Subsurface Structural Characterization as Deduced from High-Resolution Aeromagnetic Data over The Confluence Zones in Central, Nigeria

Abstract

This study aimed to delineate the intrusion body that controls the structural setting and formation around the river Niger-Benue confluence zone with particular attention to its solid mineral potentials, this is achieved in mapping subsurface structural features through the analysis of recent high-resolution aeromagnetic (HRAM) data-sets with the purpose of examining their effects on geological structures that characterize the confluence zones from the study area. To obtain the necessary reduction in geomagnetic variation, measurements of regional gradients and time variation were used. After applying the reduction to the magnetic equator (RTE) to the corrected magnetic data that was obtained from the Nigerian Geological Survey Agency, NGSA, it was possible to determine the regional expansions of subsurface structural units for both qualitative and quantitative interpretations. In addition, the edge detection method is used to depict the structures and buried subsurface anomalies. Different handling processes were applied to the (HRAM) data, such as local wavenumber (SPI), power spectrum analysis, and Euler and Werner deconvolution analysis. The RTE magnetic anomaly caused by local structures and anomalous body delineated six sub-basins with low amplitude response, which agrees with the total gradient anomaly (analytic signal) and tilt of angle derivative that clearly outlined and characterize edges of lithostratigraphic of Niger-Benue river confluence zones.
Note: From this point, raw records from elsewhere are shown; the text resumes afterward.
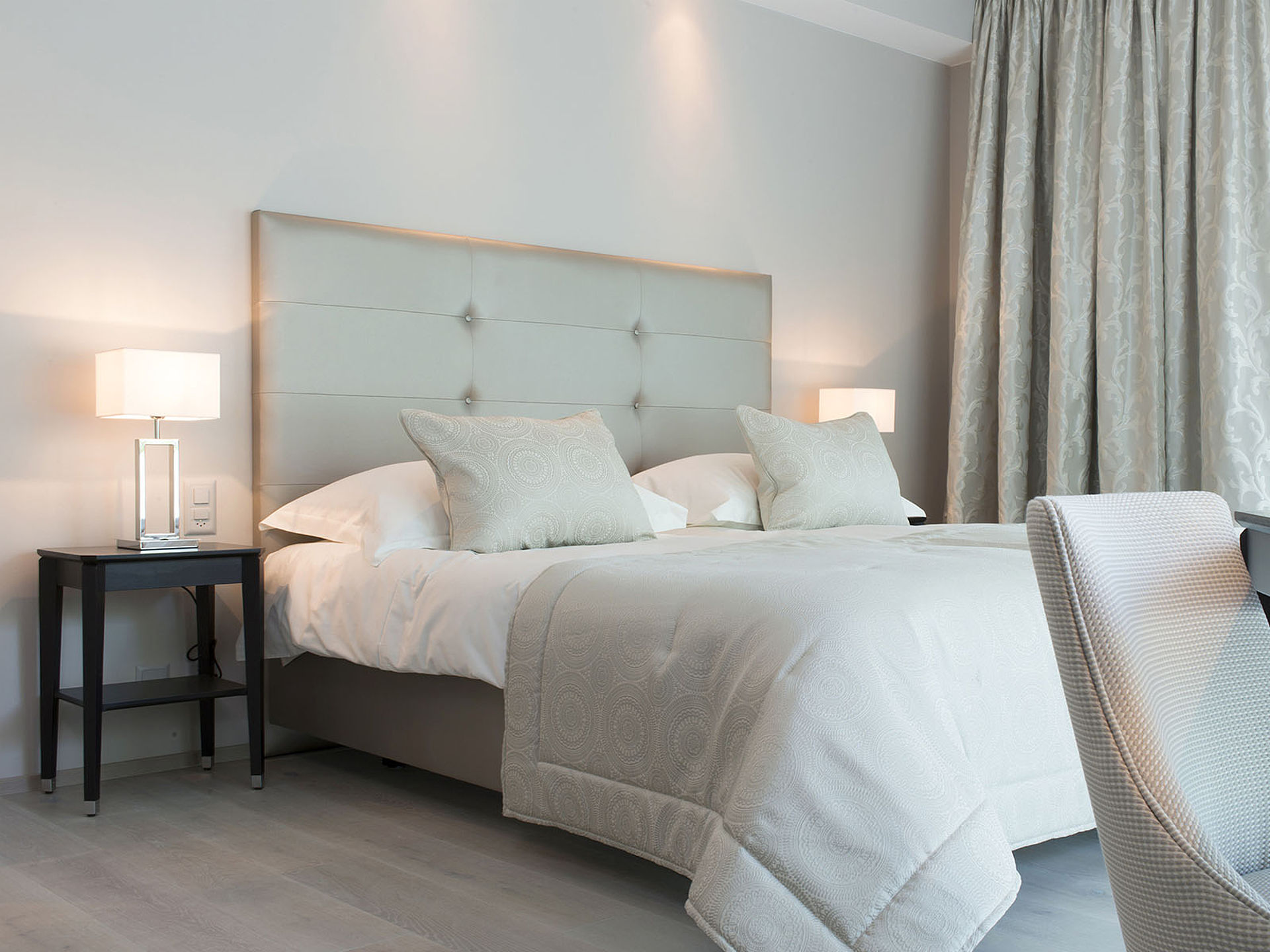 Une ambiance contemporaine et élégante pour refléter confort et bien être. Des tissus soyeux et raffinés, du mobilier aux lignes pures pour une atmosphère d’élégance intemporelle.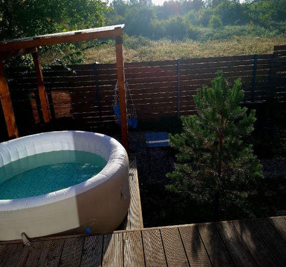 Отдельно стоящий чан под открытым небом. Вместимость — 4 человека. Удобнее всего пользоваться чаном проживающим в домике № 2 (расположен наиболее близко). Домик № 4 находится дальше всех от чана.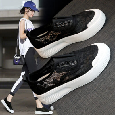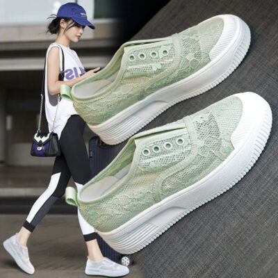 Kích thước lớn giày ngư dân nữ 2023 mới phối ren lưới thoáng khí đáy bằng lười lười lười thời trang bà bầu giày nữ

The sub-basin delineated are the southern Bida basin and northern Anambra basin. The source parameter imagings as well as the Euler and Werner deconvolution were used to delineate major subsurface structures and determine their source depth. Results showed that the area was affected by different lineament trending NE-SW, E-W, and S-E trends. Directional analysis indicates that the dominant trend agrees with the regional fault orientations. The estimated depth to the top of the lineaments on average varies from 0.3 km to 4.6 km and it is relatively deeper in the basins compared to the surrounding areas giving clues to the amount of sediment infill. A 2D forward model showed a sedimentary thickness ranging from 1 to 7 km, and this estimated depth is consistent with the average of 3.5 km proposed by previous researchers.